## TASK ITEM
Could the lines from the line bearing "枪灰色免打孔毛巾架卫生间太空铝毛巾杆厕所置物架壁挂浴室卫浴厂" to the end of the records below be copied exactly, with the pictures left out and no other lines added?

Top of DATA FOR THE TASK

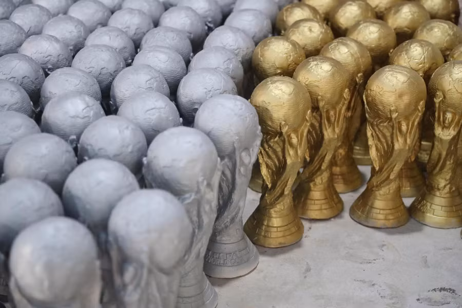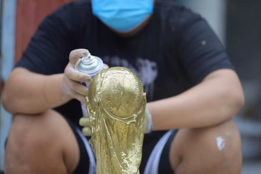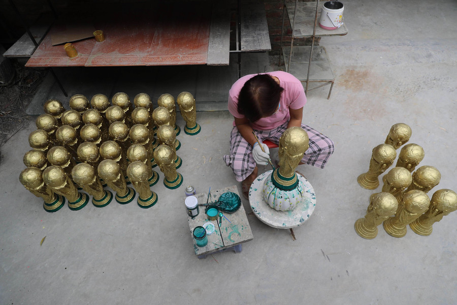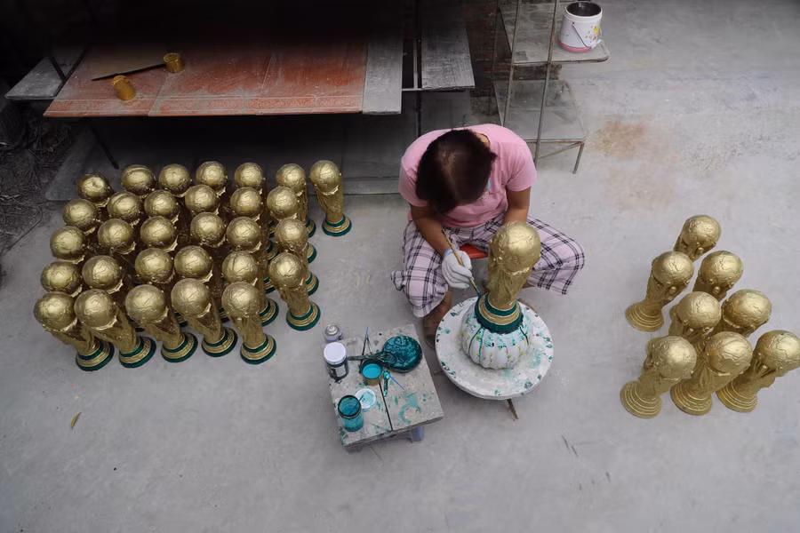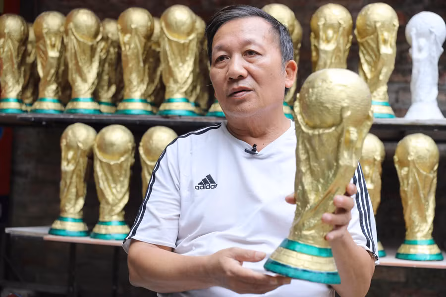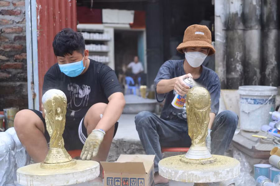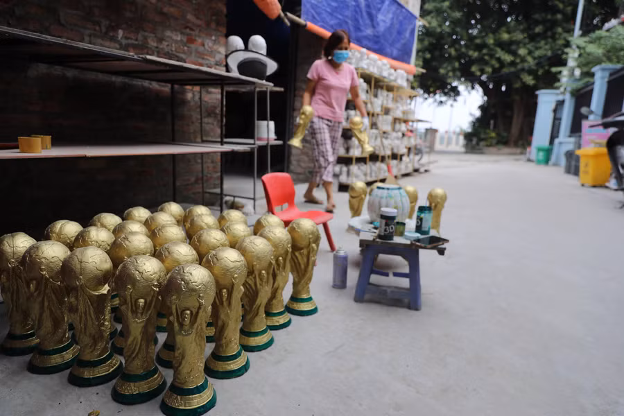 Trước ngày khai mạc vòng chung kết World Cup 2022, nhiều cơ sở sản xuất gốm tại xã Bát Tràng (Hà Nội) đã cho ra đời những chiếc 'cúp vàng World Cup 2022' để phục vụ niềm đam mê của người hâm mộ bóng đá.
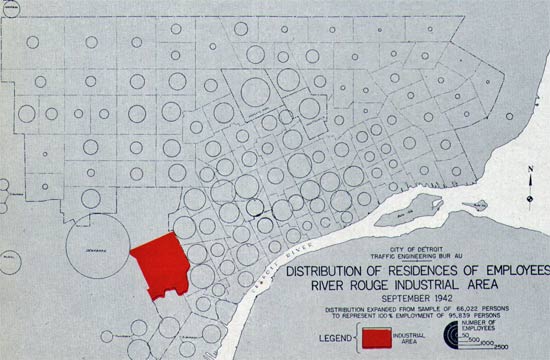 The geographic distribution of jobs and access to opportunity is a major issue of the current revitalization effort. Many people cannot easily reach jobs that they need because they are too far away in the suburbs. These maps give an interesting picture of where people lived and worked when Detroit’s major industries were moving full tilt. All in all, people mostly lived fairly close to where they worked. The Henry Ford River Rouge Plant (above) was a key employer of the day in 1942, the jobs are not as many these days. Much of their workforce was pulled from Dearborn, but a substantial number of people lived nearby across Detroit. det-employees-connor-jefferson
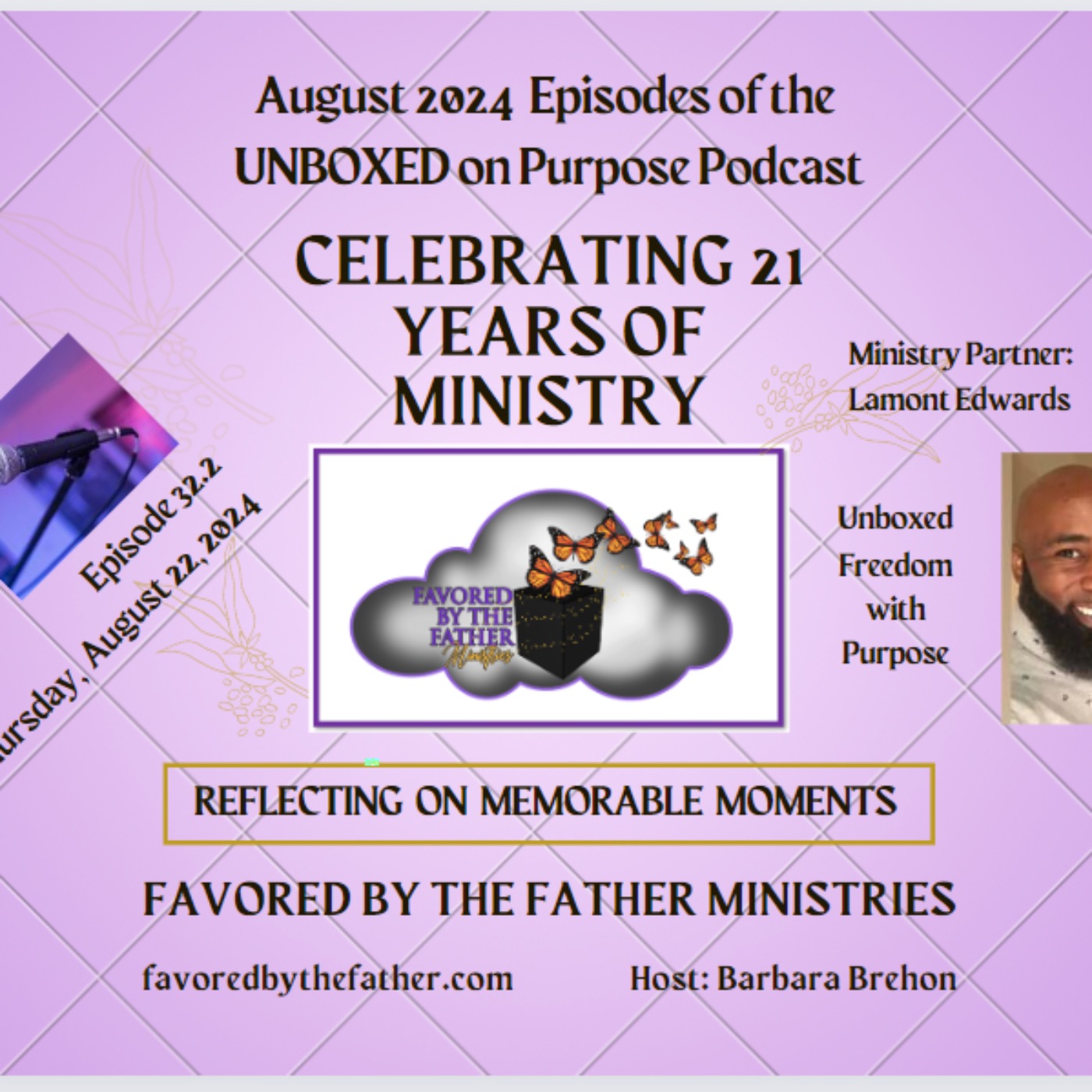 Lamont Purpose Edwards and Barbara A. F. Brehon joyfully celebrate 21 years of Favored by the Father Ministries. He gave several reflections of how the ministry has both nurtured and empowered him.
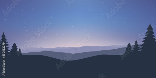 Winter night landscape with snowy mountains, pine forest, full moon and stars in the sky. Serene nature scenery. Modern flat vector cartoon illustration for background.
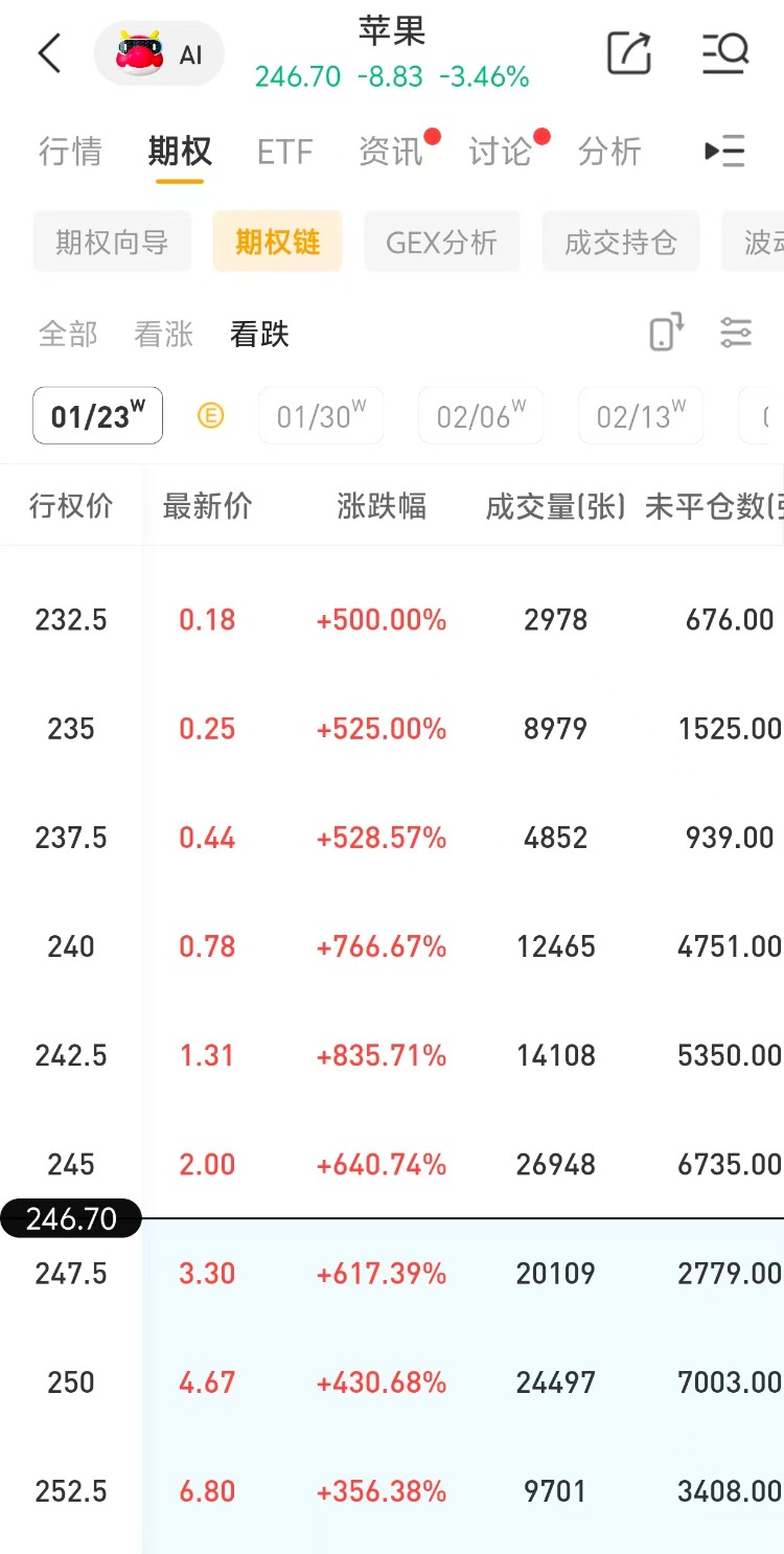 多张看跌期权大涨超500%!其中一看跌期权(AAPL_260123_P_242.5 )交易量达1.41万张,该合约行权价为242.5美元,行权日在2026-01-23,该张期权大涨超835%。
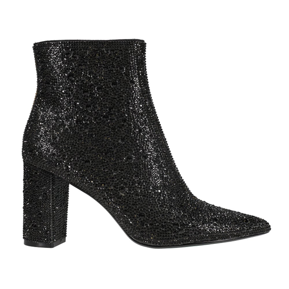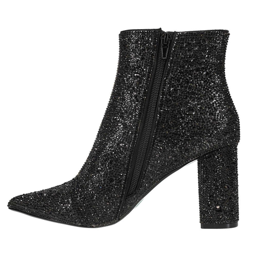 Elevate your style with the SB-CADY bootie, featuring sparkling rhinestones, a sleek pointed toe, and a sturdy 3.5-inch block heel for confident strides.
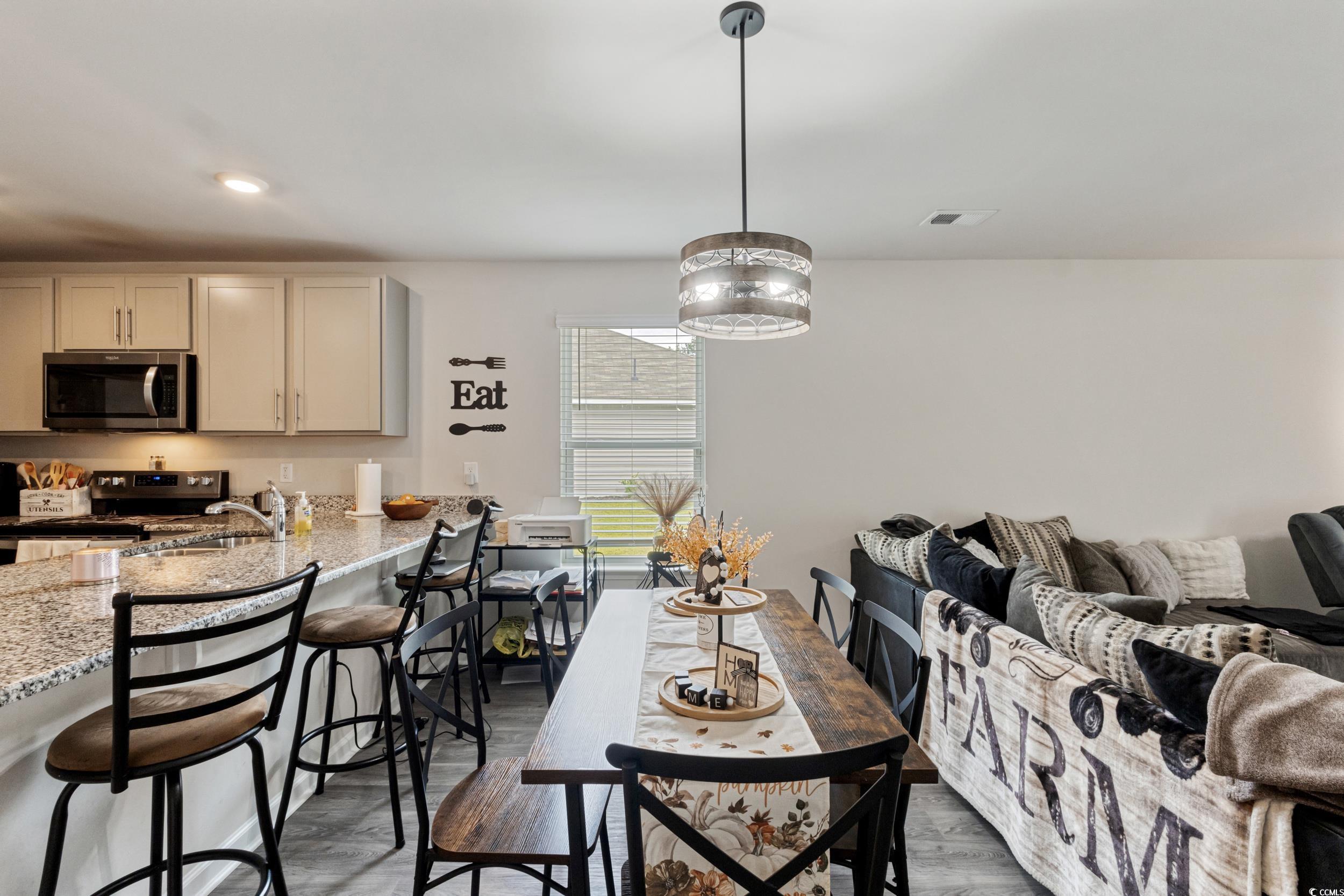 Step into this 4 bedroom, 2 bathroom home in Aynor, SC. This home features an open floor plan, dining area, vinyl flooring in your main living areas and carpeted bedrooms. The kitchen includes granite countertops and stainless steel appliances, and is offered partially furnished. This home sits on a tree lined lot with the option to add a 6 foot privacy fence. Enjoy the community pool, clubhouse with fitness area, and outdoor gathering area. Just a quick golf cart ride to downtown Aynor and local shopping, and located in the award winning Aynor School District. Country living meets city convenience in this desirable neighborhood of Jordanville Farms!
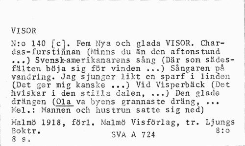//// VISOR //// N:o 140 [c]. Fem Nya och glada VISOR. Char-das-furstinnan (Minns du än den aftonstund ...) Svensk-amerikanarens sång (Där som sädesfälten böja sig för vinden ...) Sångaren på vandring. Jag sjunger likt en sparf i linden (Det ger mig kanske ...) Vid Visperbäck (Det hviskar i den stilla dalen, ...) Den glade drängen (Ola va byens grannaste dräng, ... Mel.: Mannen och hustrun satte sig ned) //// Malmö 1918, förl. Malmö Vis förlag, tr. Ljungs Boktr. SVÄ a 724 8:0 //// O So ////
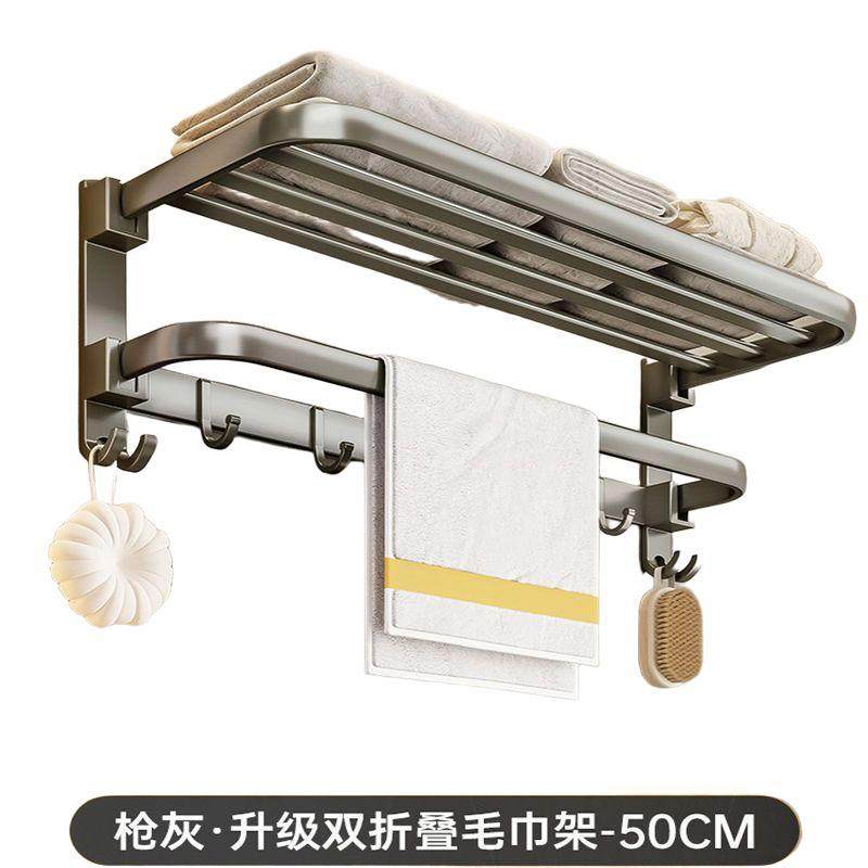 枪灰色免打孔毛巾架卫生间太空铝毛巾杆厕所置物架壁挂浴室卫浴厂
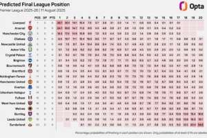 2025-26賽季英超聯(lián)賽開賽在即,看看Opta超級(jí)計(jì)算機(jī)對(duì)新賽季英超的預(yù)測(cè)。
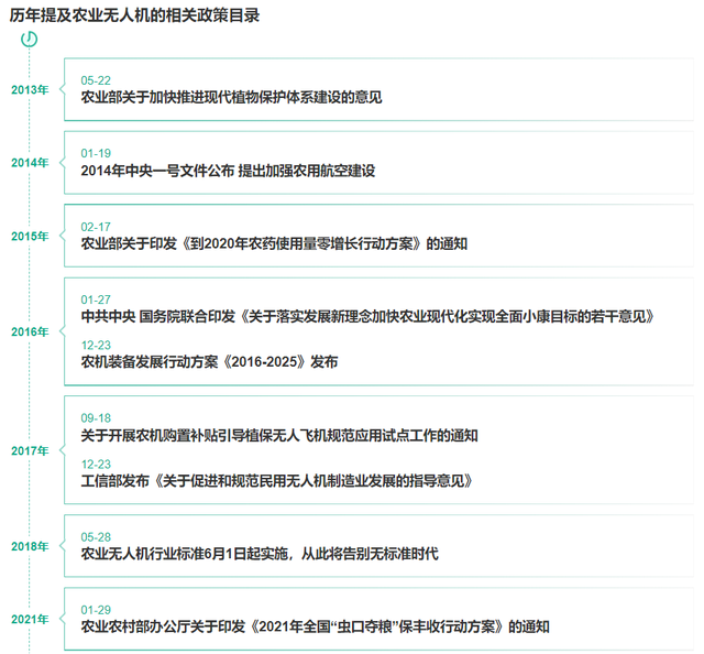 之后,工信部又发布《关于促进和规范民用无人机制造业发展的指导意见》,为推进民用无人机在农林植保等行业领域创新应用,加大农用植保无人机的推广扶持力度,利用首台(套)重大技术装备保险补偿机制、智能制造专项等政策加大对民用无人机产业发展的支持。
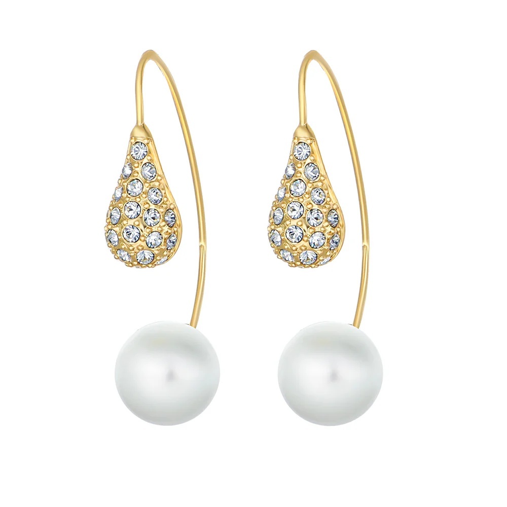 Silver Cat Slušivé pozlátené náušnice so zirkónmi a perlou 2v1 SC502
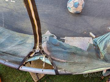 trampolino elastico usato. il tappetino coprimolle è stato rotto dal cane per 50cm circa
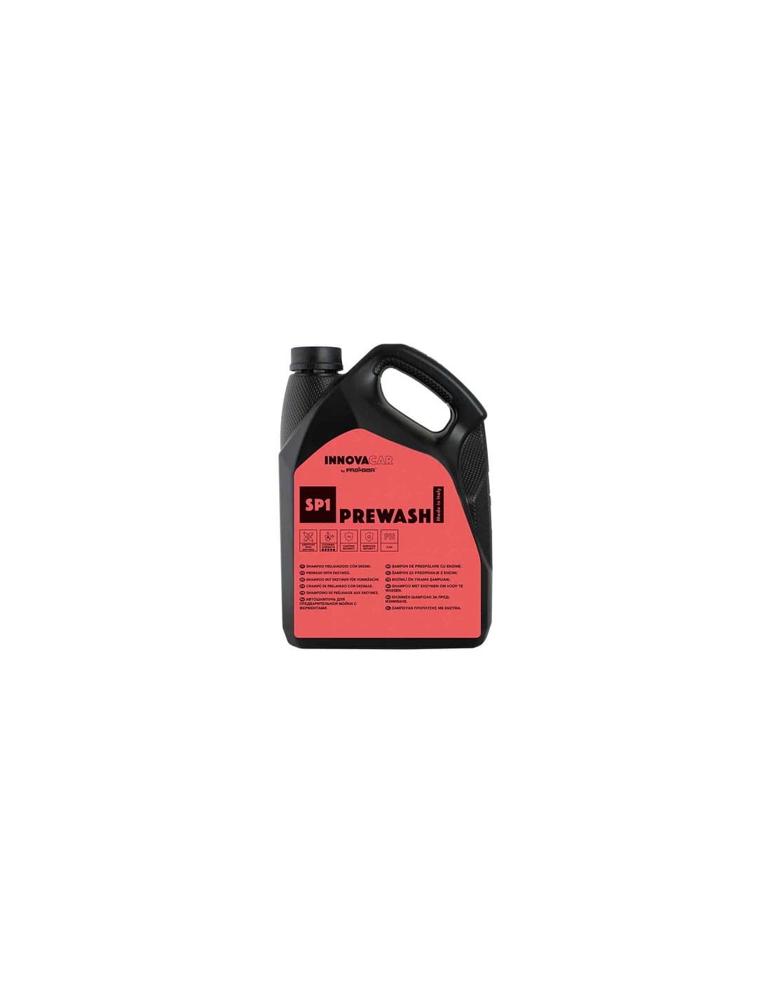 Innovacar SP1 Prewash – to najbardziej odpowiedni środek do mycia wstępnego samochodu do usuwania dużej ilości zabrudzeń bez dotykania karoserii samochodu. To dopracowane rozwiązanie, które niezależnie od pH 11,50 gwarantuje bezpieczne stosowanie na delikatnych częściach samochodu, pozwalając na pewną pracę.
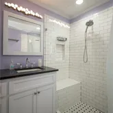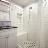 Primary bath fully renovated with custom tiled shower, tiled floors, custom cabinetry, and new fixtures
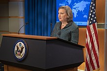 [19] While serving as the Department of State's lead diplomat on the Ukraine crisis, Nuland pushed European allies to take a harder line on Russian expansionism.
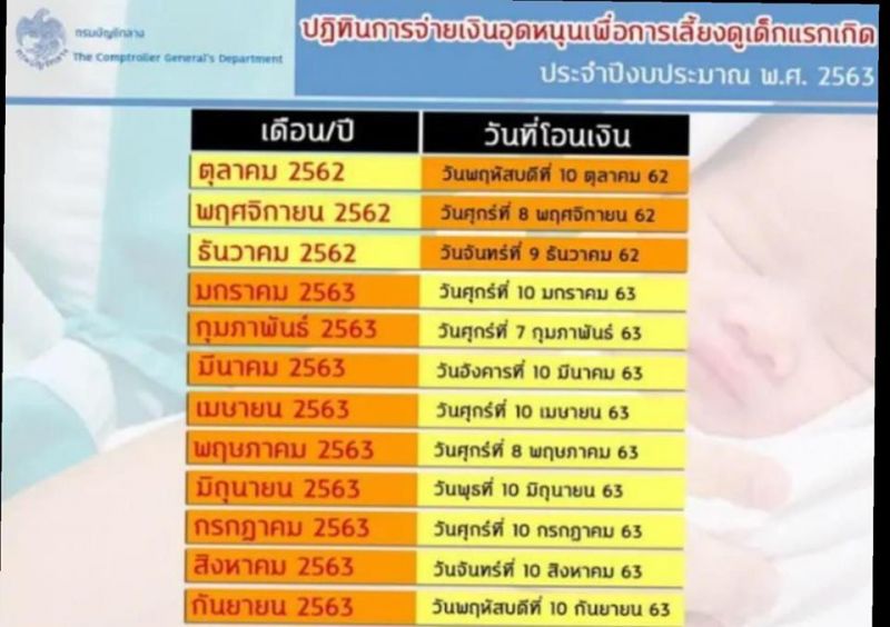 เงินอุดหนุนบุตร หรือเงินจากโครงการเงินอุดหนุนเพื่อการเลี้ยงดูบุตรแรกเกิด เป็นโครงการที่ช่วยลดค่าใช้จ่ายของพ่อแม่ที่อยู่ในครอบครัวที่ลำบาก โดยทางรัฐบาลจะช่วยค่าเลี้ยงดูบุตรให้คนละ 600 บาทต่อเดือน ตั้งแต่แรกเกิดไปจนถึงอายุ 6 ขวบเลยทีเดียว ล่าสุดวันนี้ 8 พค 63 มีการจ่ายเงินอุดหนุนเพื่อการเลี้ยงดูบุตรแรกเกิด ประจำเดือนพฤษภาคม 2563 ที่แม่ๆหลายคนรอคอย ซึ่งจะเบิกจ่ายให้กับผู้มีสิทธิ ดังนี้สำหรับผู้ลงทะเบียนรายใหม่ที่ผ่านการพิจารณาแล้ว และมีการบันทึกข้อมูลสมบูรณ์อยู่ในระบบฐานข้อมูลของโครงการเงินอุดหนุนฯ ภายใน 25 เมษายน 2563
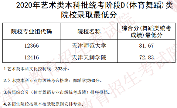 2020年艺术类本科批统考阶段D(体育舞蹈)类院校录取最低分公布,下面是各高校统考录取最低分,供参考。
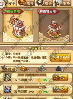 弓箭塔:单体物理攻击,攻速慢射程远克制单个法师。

Bottom of DATA FOR THE TASK

## ANSWER
 枪灰色免打孔毛巾架卫生间太空铝毛巾杆厕所置物架壁挂浴室卫浴厂
 2025-26賽季英超聯(lián)賽開賽在即,看看Opta超級(jí)計(jì)算機(jī)對(duì)新賽季英超的預(yù)測(cè)。
 之后,工信部又发布《关于促进和规范民用无人机制造业发展的指导意见》,为推进民用无人机在农林植保等行业领域创新应用,加大农用植保无人机的推广扶持力度,利用首台(套)重大技术装备保险补偿机制、智能制造专项等政策加大对民用无人机产业发展的支持。
 Silver Cat Slušivé pozlátené náušnice so zirkónmi a perlou 2v1 SC502
 trampolino elastico usato. il tappetino coprimolle è stato rotto dal cane per 50cm circa
 Innovacar SP1 Prewash – to najbardziej odpowiedni środek do mycia wstępnego samochodu do usuwania dużej ilości zabrudzeń bez dotykania karoserii samochodu. To dopracowane rozwiązanie, które niezależnie od pH 11,50 gwarantuje bezpieczne stosowanie na delikatnych częściach samochodu, pozwalając na pewną pracę.
 Primary bath fully renovated with custom tiled shower, tiled floors, custom cabinetry, and new fixtures
 [19] While serving as the Department of State's lead diplomat on the Ukraine crisis, Nuland pushed European allies to take a harder line on Russian expansionism.
 เงินอุดหนุนบุตร หรือเงินจากโครงการเงินอุดหนุนเพื่อการเลี้ยงดูบุตรแรกเกิด เป็นโครงการที่ช่วยลดค่าใช้จ่ายของพ่อแม่ที่อยู่ในครอบครัวที่ลำบาก โดยทางรัฐบาลจะช่วยค่าเลี้ยงดูบุตรให้คนละ 600 บาทต่อเดือน ตั้งแต่แรกเกิดไปจนถึงอายุ 6 ขวบเลยทีเดียว ล่าสุดวันนี้ 8 พค 63 มีการจ่ายเงินอุดหนุนเพื่อการเลี้ยงดูบุตรแรกเกิด ประจำเดือนพฤษภาคม 2563 ที่แม่ๆหลายคนรอคอย ซึ่งจะเบิกจ่ายให้กับผู้มีสิทธิ ดังนี้สำหรับผู้ลงทะเบียนรายใหม่ที่ผ่านการพิจารณาแล้ว และมีการบันทึกข้อมูลสมบูรณ์อยู่ในระบบฐานข้อมูลของโครงการเงินอุดหนุนฯ ภายใน 25 เมษายน 2563
 2020年艺术类本科批统考阶段D(体育舞蹈)类院校录取最低分公布,下面是各高校统考录取最低分,供参考。
 弓箭塔:单体物理攻击,攻速慢射程远克制单个法师。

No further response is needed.